The Stanford research, in a paper called “Misery Has More Company Than People Think,” showed that people tend to think they are suffering alone. They underestimate the negative emotions that are experienced by their peers, and generally assume their friends are far happier than they actually are. It is easy to imagine how this illusion could be reinforced by scrolling through your friends posts on Facebook.
Facebook is designed to encourage this: “The presence of a ‘Like’ button, without a corresponding ‘Hate’ button—reinforces a kind of upbeat spin doctoring” (From “The Anti-Social Network” on Slate.com) Good news gets “liked” up the rankings and bad news quickly fades away as people don’t know how to respond.

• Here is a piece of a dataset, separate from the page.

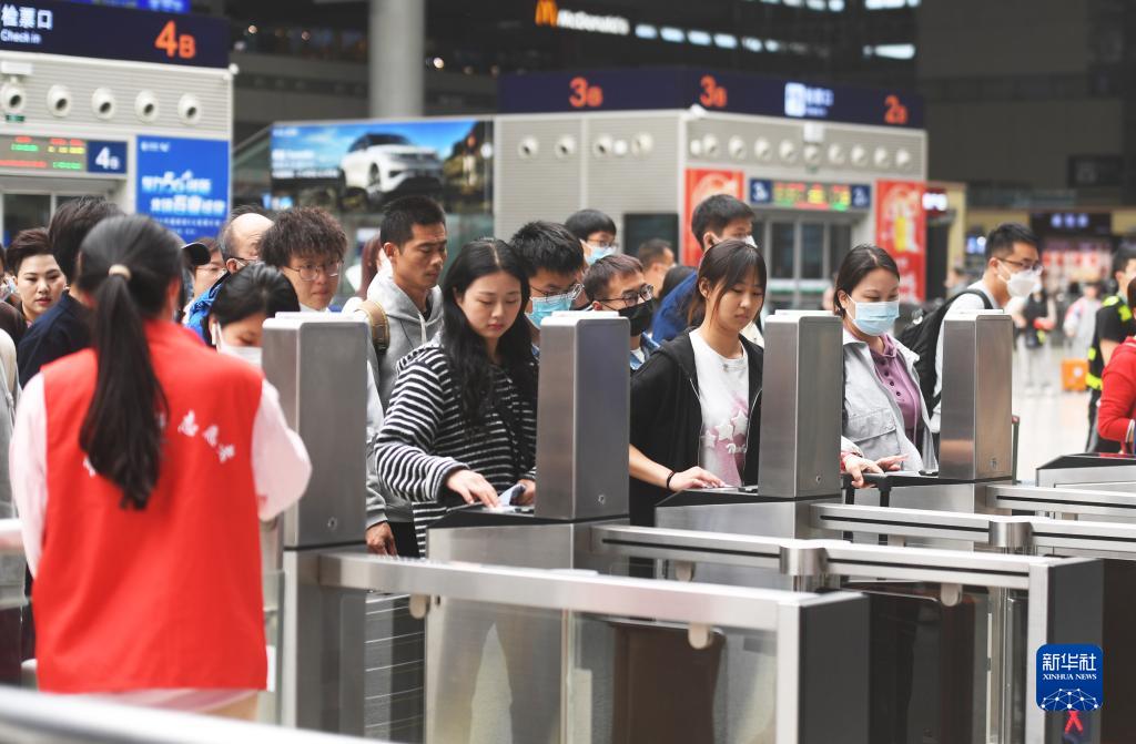 4月29日,鄭州東站志愿者引導旅客有序檢票。

Ironically, this is why Facebook can also be really good for wellbeing . . . it is a great place to share good news. Psychologists use the term “capitalization” to describe the act of sharing good news with others, and it has been shown to be good for us. Research by Shelly Gable and Harry Reis, for example, found that college students’ mood and life satisfaction were highest when they shared their most positive event with others. Facebook is a perfect forum for this, allowing us to quickly and easily share good news with others on a regular basis.
And Gable and Reis also found that the way people respond to the good news is important and can enhance wellbeing even more. The kind of response that boosts mood and life satisfaction is described “active constructive responding” an enthusiastic response that engages with the news sharer and helps them to savor and bask in the glow of their recent boons. This is exactly the kind of response that many people get on Facebook in the comments to a post.

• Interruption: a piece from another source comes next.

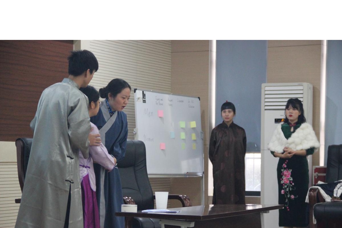 从筹备到公演,2017级的三位班主任老师苏蕊、张敏、田慧芳及项目负责人海燕老师多次探讨并最终形成小剧场方案。12月初,英语小剧场方案向2017级全年级公布,并得到了员工们的积极响应。他们今天的出色表演让前来观摩的各年级同学感受到了他们对英语剧表演的热情,也看到他们在学业之余付出的努力,如成立剧组、遴选剧本、改编剧本、筹借服装、制作道具、排练对白、练习走位等等。
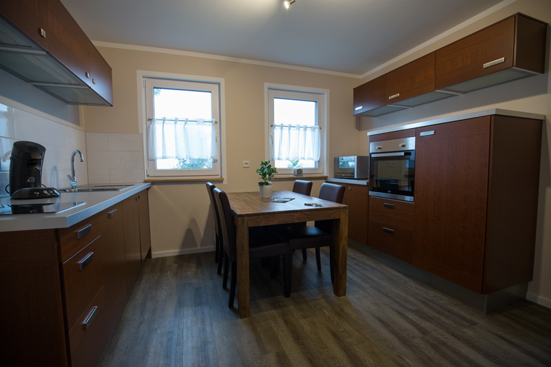Ausstattung der Küche: Kühlschrank mit Gefrierfach, Mikrowelle mit Grill und Umluft, Backofen, Induktionskochfeld, Spülmaschine, Waschmaschine mit Kondenstrockner

So Facebook can be a tool for negative social comparison, but it can also be a savoring machine. A place to share the best events of your life and then revel in the comments and likes from your social network. I can attest to this personally as I just gave birth to my second son and love sharing the baby pictures with my social network. It feels good to share the photos and it feels even better to see the strong positive reaction from my friends and family from around the world.
As another example, most of us have experienced how birthdays are made more enjoyable as a Facebook wall lights up with messages of love from “friends” you might not otherwise ever talk to.
Managing your wellbeing on Facebook can be tricky, but there may be a way to use it to your benefit, avoiding the risks of negative social comparison but reaping the rewards of capitalization and savoring. The answer is simple: share your own good news as often as you can . . . but ignore the posts of your friends.